- DATA SUPPLIED
☆ ☆ ☆

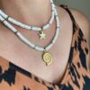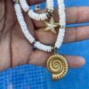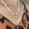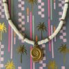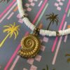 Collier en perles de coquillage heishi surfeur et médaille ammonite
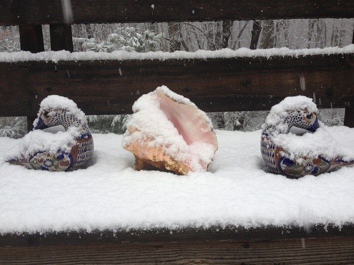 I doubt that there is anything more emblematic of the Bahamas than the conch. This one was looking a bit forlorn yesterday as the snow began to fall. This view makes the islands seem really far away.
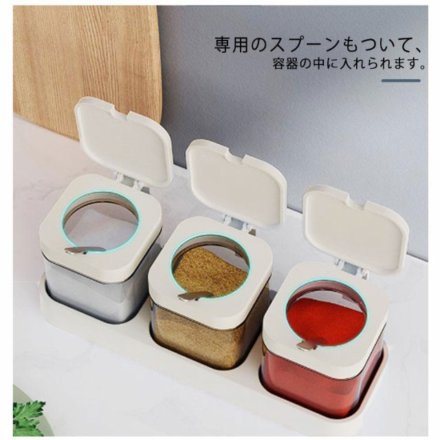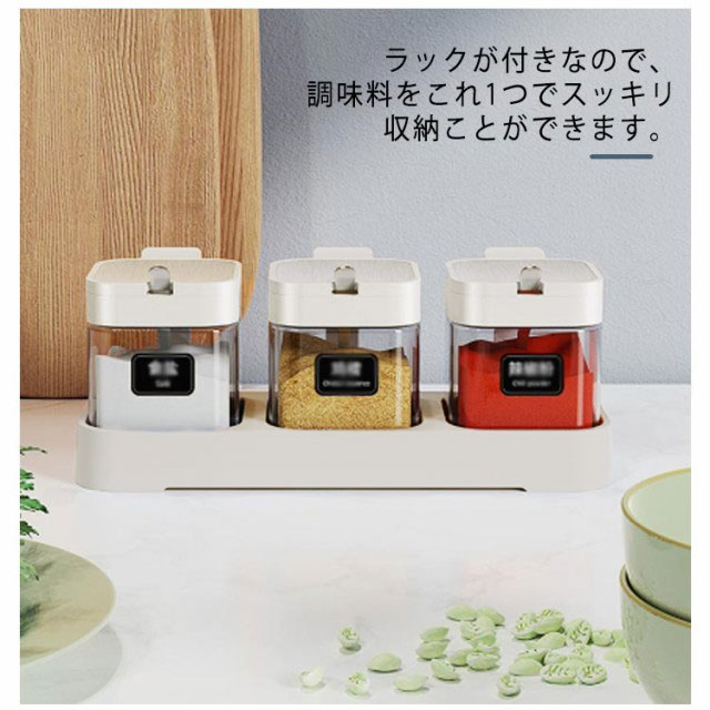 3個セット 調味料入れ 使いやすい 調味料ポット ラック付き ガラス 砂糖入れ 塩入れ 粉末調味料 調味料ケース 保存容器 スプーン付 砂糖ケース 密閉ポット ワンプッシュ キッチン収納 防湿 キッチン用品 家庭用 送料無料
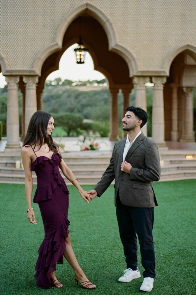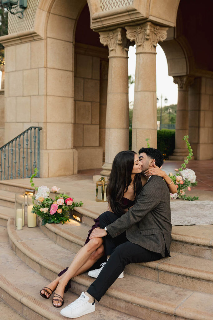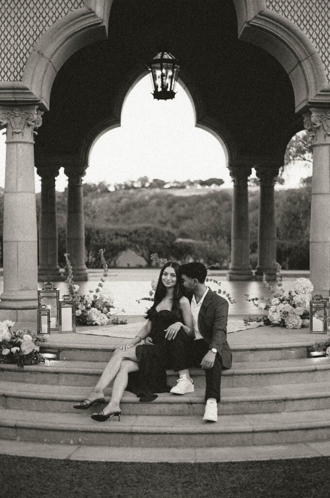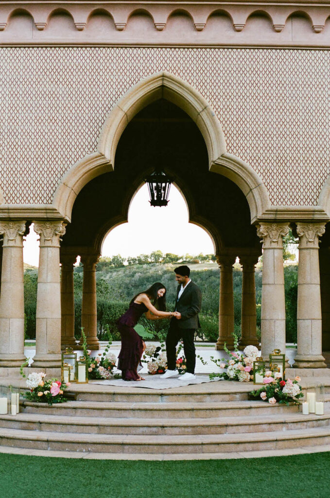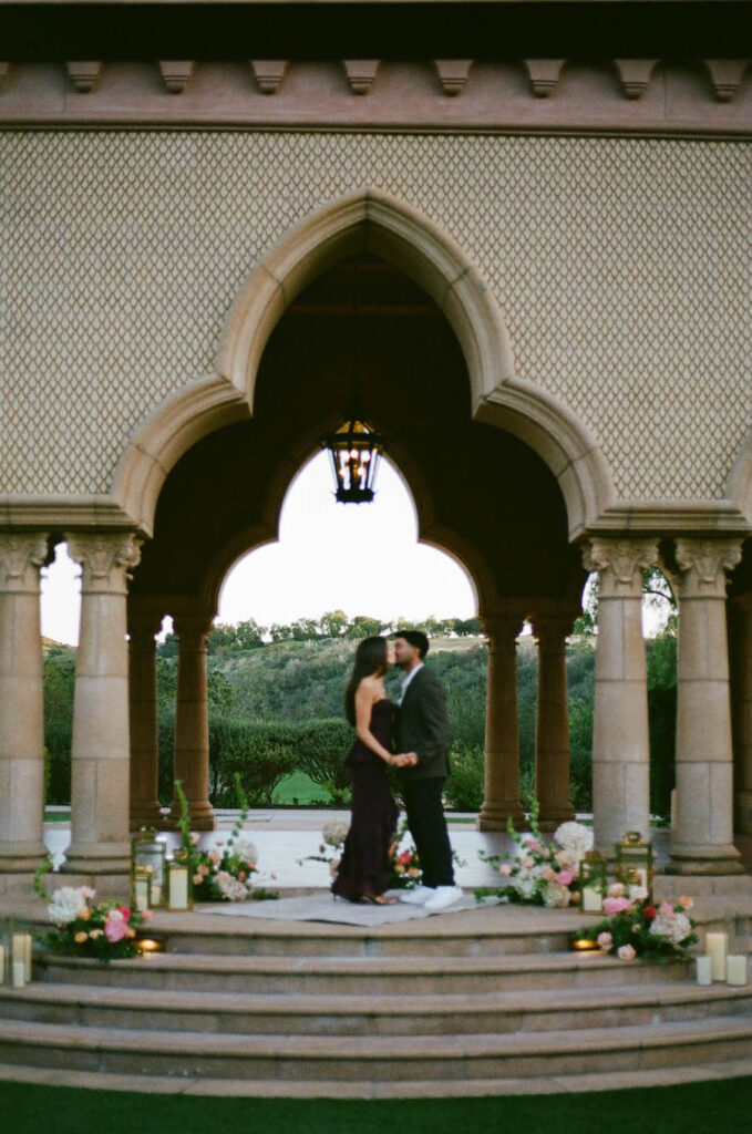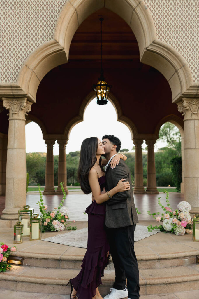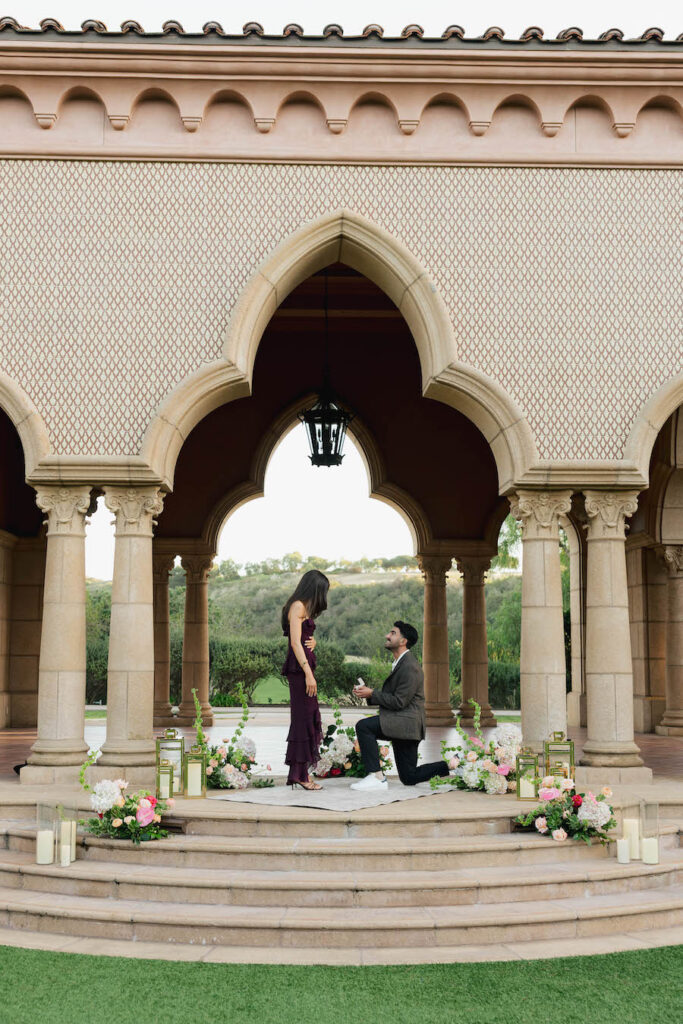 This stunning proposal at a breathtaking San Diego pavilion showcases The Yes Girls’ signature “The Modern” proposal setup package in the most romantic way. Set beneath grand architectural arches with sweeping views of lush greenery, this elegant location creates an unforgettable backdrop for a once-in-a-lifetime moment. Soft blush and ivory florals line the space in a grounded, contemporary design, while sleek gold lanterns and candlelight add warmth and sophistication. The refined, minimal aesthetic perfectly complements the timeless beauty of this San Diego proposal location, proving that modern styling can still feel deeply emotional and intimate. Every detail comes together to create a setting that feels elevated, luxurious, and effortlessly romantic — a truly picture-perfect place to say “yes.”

☆ ☆ ☆

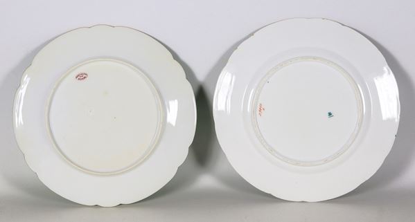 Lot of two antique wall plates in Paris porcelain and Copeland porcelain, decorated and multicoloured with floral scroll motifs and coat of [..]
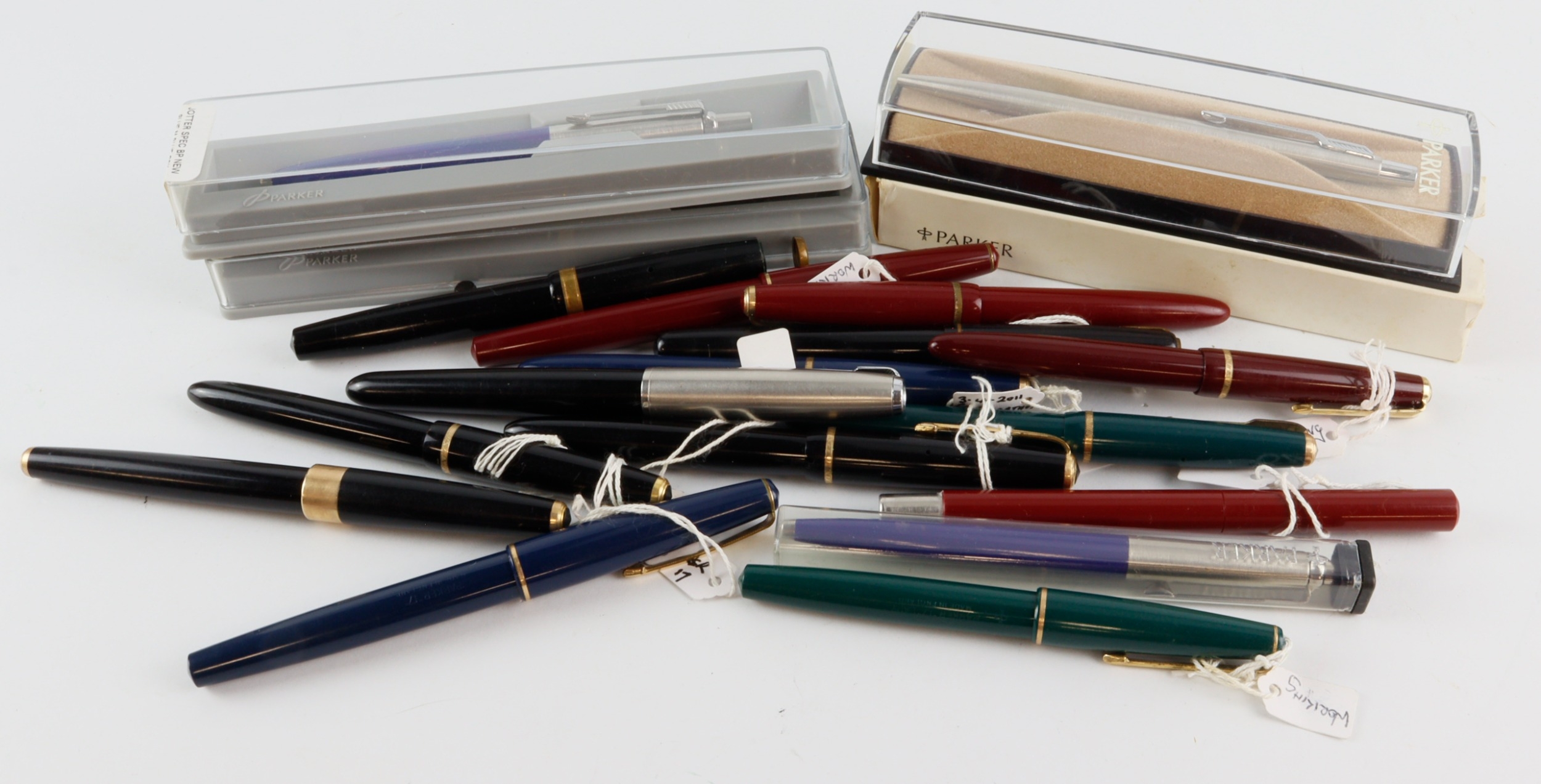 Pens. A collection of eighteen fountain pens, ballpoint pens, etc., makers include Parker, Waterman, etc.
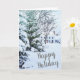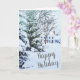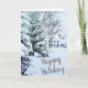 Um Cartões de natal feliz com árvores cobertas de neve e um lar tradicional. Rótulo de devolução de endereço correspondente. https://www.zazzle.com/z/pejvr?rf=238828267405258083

☆ ☆ ☆

- YOUR ASSIGNMENT
Leave out the images and write out the lines above exactly, from the one with "Collier en perles" up to and including the one with "This stunning proposal".

- WRITTEN RESPONSE
 Collier en perles de coquillage heishi surfeur et médaille ammonite
 I doubt that there is anything more emblematic of the Bahamas than the conch. This one was looking a bit forlorn yesterday as the snow began to fall. This view makes the islands seem really far away.
 3個セット 調味料入れ 使いやすい 調味料ポット ラック付き ガラス 砂糖入れ 塩入れ 粉末調味料 調味料ケース 保存容器 スプーン付 砂糖ケース 密閉ポット ワンプッシュ キッチン収納 防湿 キッチン用品 家庭用 送料無料
 This stunning proposal at a breathtaking San Diego pavilion showcases The Yes Girls’ signature “The Modern” proposal setup package in the most romantic way. Set beneath grand architectural arches with sweeping views of lush greenery, this elegant location creates an unforgettable backdrop for a once-in-a-lifetime moment. Soft blush and ivory florals line the space in a grounded, contemporary design, while sleek gold lanterns and candlelight add warmth and sophistication. The refined, minimal aesthetic perfectly complements the timeless beauty of this San Diego proposal location, proving that modern styling can still feel deeply emotional and intimate. Every detail comes together to create a setting that feels elevated, luxurious, and effortlessly romantic — a truly picture-perfect place to say “yes.”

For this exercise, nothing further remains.